ようするに先に頭に異性、恋愛があり、次に現実の異性、恋愛が来る感じです。先に出来上がってしまい、現実の恋愛、異性に違和感が生まれる、生まれたと言っていいかもしれません。私もあったと思います。
 一般人も多少はあるのでしょうが、我々は特にそれ(頭で考えている)が強いのだと思います。オタク恋愛娯楽は、プラトニック路線がより強く(現実の恋愛との対比でしょうが)、現実恋愛はフランクです。この乖離もなかなか恋愛しずらく、どこか嫌悪感を抱かせている原因なのではなかろうか。前文で「恋に恋していた」と書いたのは、独立した他者というよりも自分の中の恋愛観、自分の中の異性像に相手を当てはめ恋をしていたのではないかとつまり相手と付き合っているのに、相手そのものを見ていなかった、存在が弱かったとの意味です。恋愛ごっこをしていたんだと思います。この事を自分で発見できたのはよかったと思っています。ただこれが脱オタしたからなのか、そうじゃないのかはよくわかりません。これからは、ありのままの自分でありのままの異性とありのまま恋愛できる気がしています。

 人生観の変化ですが、なにかとても主体的に動いている気がし、精神的に楽になった気がしています。オタク娯楽も一般娯楽も私にとって補償や同一視の面が、人よりも強かったんだと思います。特にキャラ作りが無意識の内に結構あったみたいで肩の荷が下りたような感覚です。補償や同一視ですんでいた事を色々やってみたいと考えています。恥ずかしい話ですが自分の人生を生きている感じがすごくします。
正直脱オタしなくても恋愛も結婚もできたと思いますが、私はやってよかったと考えています。脱オタよりもその過程において自分の内面に目を向ける事を今までちゃんとした事が無かったので、色々見えたものがあったし成長したと自分で感じる事ができたからです。

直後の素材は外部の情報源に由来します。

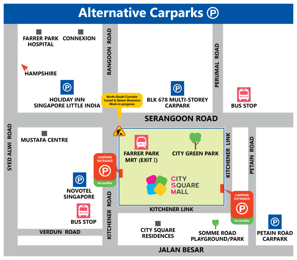 - Carpark access via Kitchener Link or Kitchener Road. Temporary closure of carpark entrance via Kitchener Road on 11 Dec, Thursday from 9am - 7pm.
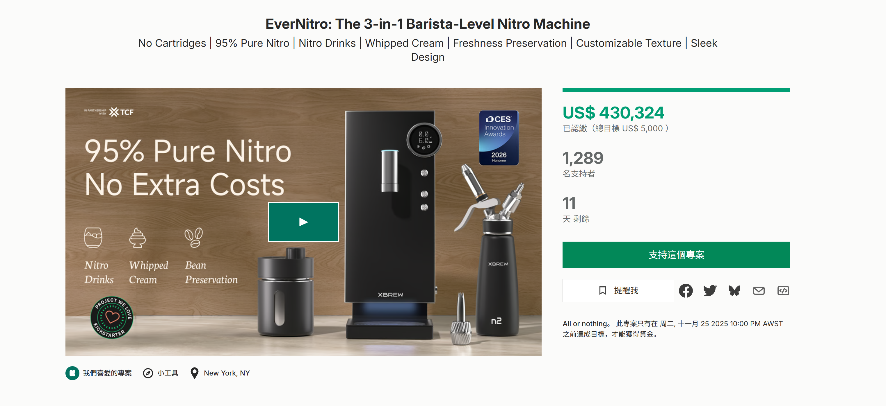海外众筹-EverNitro:三合一咖啡师级Nitro机器
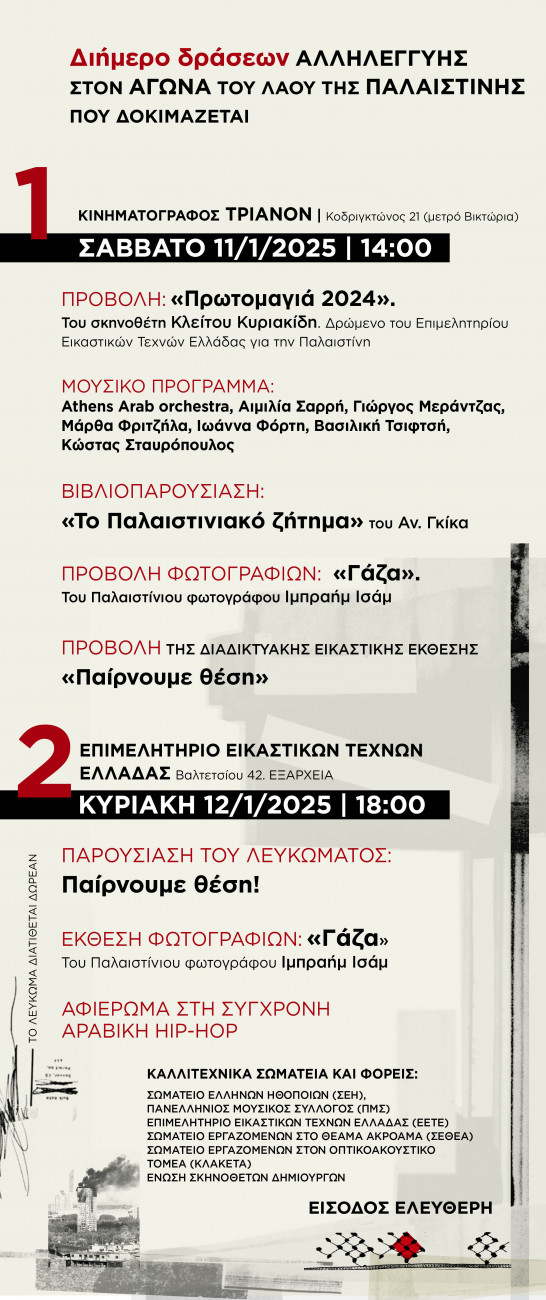 Διήμερο δράσεων υπέρ της Παλαιστίνης – Τα Καλλιτεχνικά Σωματεία παίρνουν θέση

※シロクマ注:句読点の位置幾つか以外は原文ママです。荒削りな文章かもしれませんし、「これはモテだ!」などと批判する人もいるかもしれませんが、少なくとも私はかなり気になりました。“私達は、オタは、異性に恋しているのか?それともメディアを通して形成された何かを異性に仮託して視た気になっているのか?”は重要な指摘だとおもいます。オタクに限ったことではなく、私やあなたは、異性・恋愛に対してどこの何を実際は視ているんでしょうね?